NOTA DE LIBRE ACCESO

Cita a puertas abiertas

Par Líneas

Por Juan Fernando Andrade | @pescadoandrade

Jonah Hill empezó joven.

No fue exactamente un niño actor, pero en su vida adulta no ha sido nada distinto.   

Desde que cumplió veintidós años, más o menos, estuvo primero al centro de comedias taquilleras y luego en papeles serios que obligaron a la industria a tomárselo en serio.

Cuando aparecía en comedias, al principio todas juveniles, se lo entendía como el gordo del reparto, digamos que cumplía ese papel, pero siempre del lado piola y sensible de la interpretación.

Como muchos, muchísimos de nosotros, usaba el humor tanto para transmitir emociones como para esconderse y protegerse de ellas.

Y uno se preguntaba si estaría cómodo debajo de esa piel, o si como a muchos otros el cine lo estaba obligando a ser gordo para poder hacer de gordo.

Por un lado, Jonah Hill se estaba convirtiendo en el gordo favorito y recurrente de su generación, y por el otro estaba encerrado contra su voluntad entre las flácidas paredes de su cuerpo.
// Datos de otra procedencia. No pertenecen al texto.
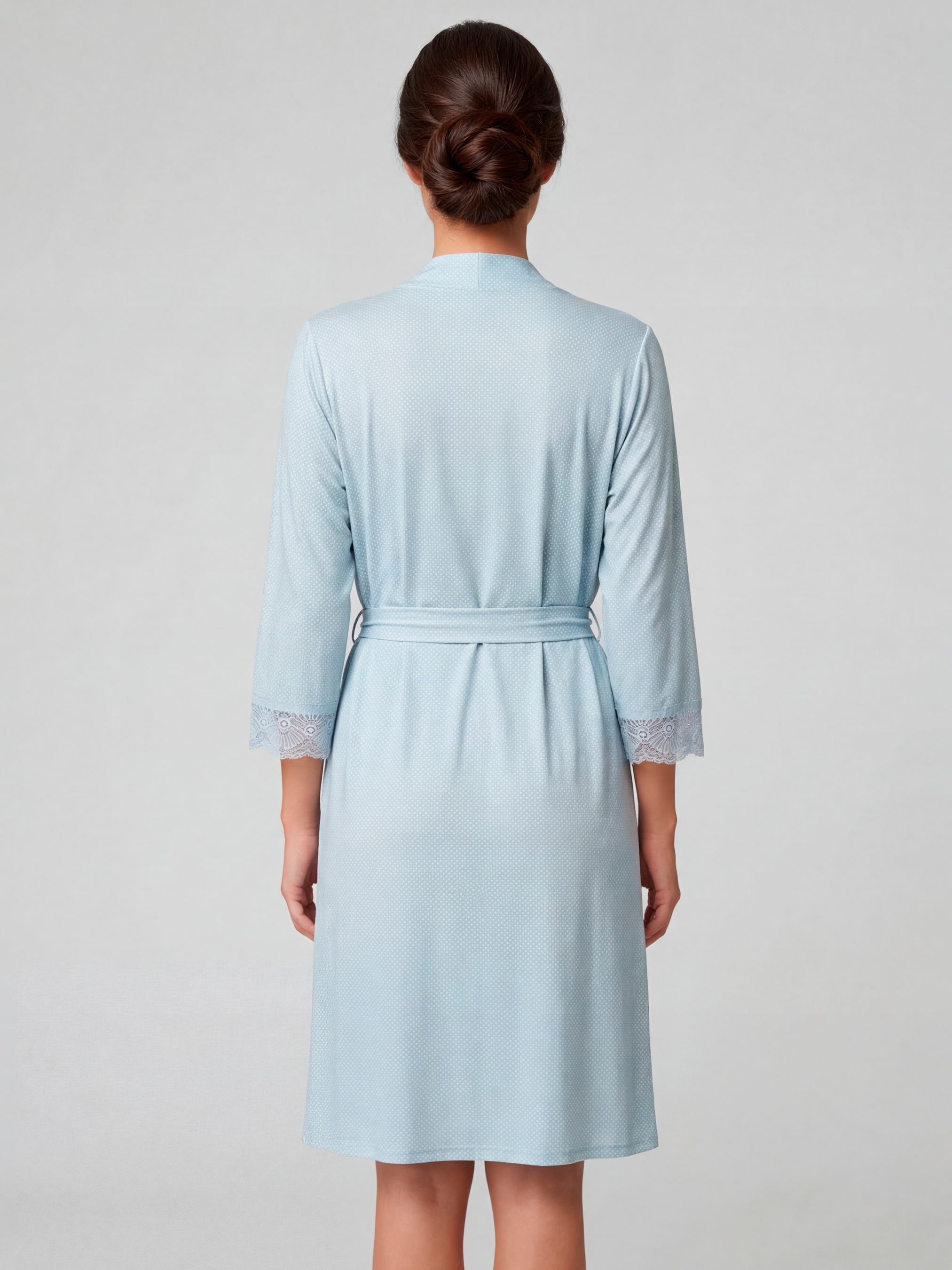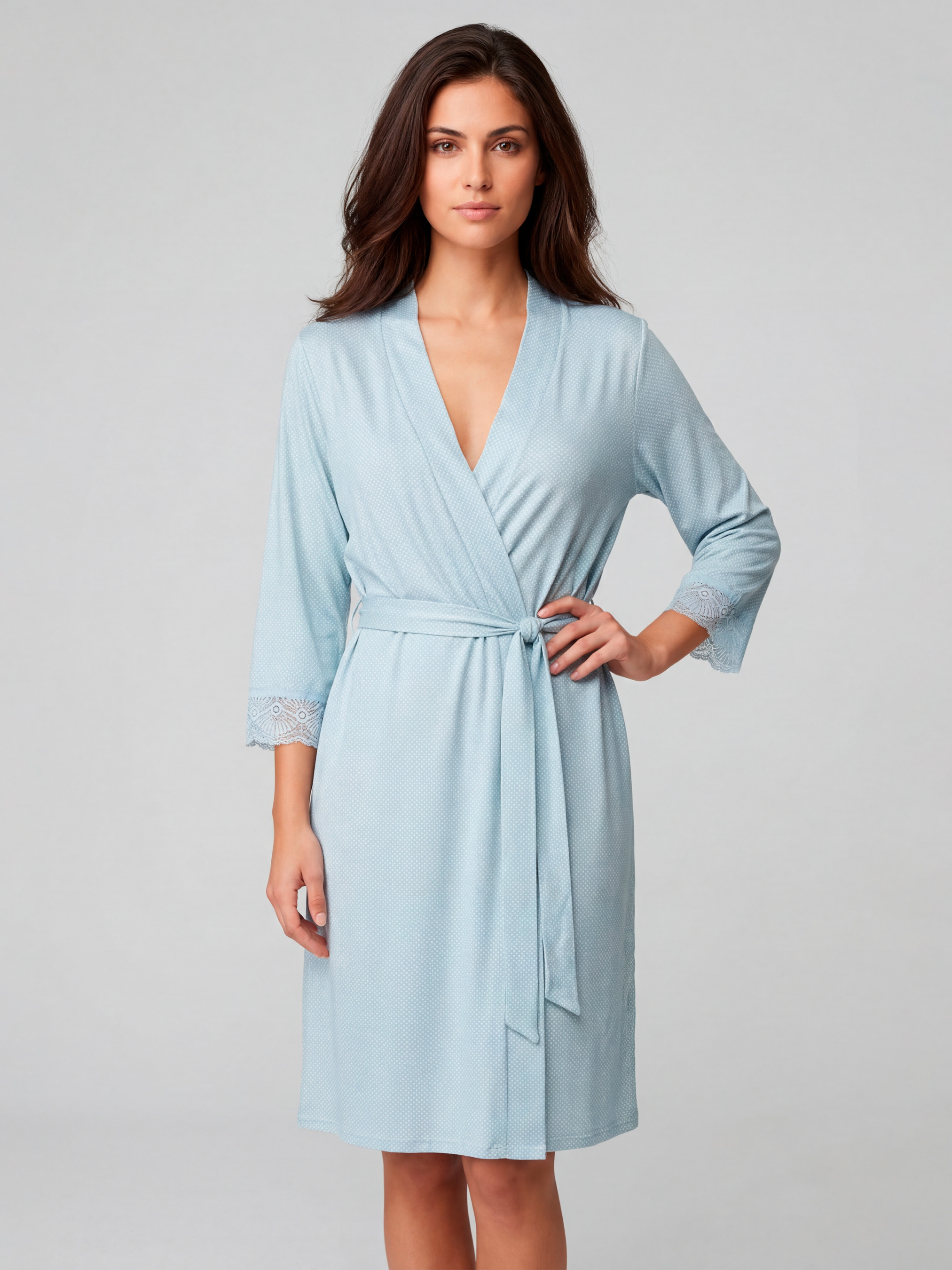 95% cotton, 5% elastane. Домашнее утро чувствуется совсем иначе, когда рядом есть изысканный халат, в который приятно завернуться сразу после сна или душа. Эта модель создает уютное и спокойное чувство, без спешки и лишних хлопот. Халат домашний имеет комфортный прямой силуэт, длину до колена и рукава 3/4, придающие еще большее удобство в ежедневной носке. Запах с пояском позволяет красиво зафиксировать посадку по фигуре, а кружево на манжетах делает образ более деликатным и женственным. Нежный голубой цвет в мелкий горошек смотрится легко, свежо и очень кстати для домашней одежды для женщин. Халат из хлопка отлично подходит для утренних сборов, отдыха вечером, спокойных выходных дома и уютных пауз в течение дня. Он не сковывает движения, обеспечивает комфорт и помогает сохранять ощущение воздушности в домашних моментах. Это женская домашняя одежда, которую хочется носить каждый день, поэтому стоит заказать и купить для красивого и удобного быта. Обратите внимание, что оттенок ткани и принт могут иметь незначительные отличия от изображения на фото из-за особенностей освещения во время съемки или индивидуальных настроек экрана вашего устройства.

Su cambio de vida y de apariencia sucedió muy a lo Hollywood: da la impresión de que se alejó de la vista pública y, en cuestión de meses, volvió con menos grasa en el cuerpo y una actitud firme que iba de acuerdo con los diferentes papeles con los que se fue fajando.

No diríamos, ahora, que se trata de un actor serio (léase que opta por los dramas), pero se ha vuelto más arriesgado y personal, se nota que tiene iniciativa y capacidad de realización: recomiendo mucho la película que dirigió, Mid90s, y una miniserie oscura y futurista en la que podemos verlo como en ningún otro papel hasta ahora, llamada Maniac. 

Esto, jugarse por papeles que no parecían diseñados para él, ha marcado la adultez de su carrera. El mismo reconoce que no poco tuvo que ver su cambio de apariencia física, y dice algo más importante: durante la adolescencia, cuando creció a lo ancho y aumentó de volumen, cuando su madre le pedía a gritos y lágrimas que perdiera peso, no lo hizo, pues estaba convencido de que el mensaje era otro, de que la gente quería decirle que había algo mal en su sistema operativo.

O sea: creía que cuando le decían gordo, le estaban diciendo: eres una mala persona. 

Esto lo sabemos ahora gracias a su última película como director, un documental personalísimo.

En Stuz, como se llama el documental, Jonah Hill da un giro en aspecto simple que provoca a su vez una cantidad de revelaciones no tan simples o no tan fáciles de aceptar.

Quiero decir que intenta registrar fielmente cómo fue someterse a una terapia profunda, larga y sostenida, y para eso da vuelta a la cámara, se pone en la silla del director, y lleva a cabo una serie de entrevistas frontales con su terapista, Phil Stutz, un hombre de 74 años.

Stutz seduce de entrada, se lo ve sabio y tranquilo, condición que dice haber alcanzado tras aceptar que nadie tiene la vida resuelta, es decir, que nadie sabe realmente cómo es o de qué se trata, así que sufrir al respecto no tiene mucho sentido.

Stuz, la película, es un ejercicio de forma simple, sin mayor aparataje (gracias Dios), como estar presenciando una conversación entre amigos que, ambos lo dicen varias veces, se quieren mucho.

Llegado un momento, el terapista, que tiene su propio mal, la enfermedad de Parkinson, le pregunta a su paciente por qué ha decidido hacer esta película. La respuesta es clara y sincera: porque espero ayudar a otra gente como tú me has ayudado a mí.

Y yo diría que así se cumple con el principio del arte: decirle al otro que hay una vida más allá de la tristeza.  Iluminar los caminos y mostrarlos.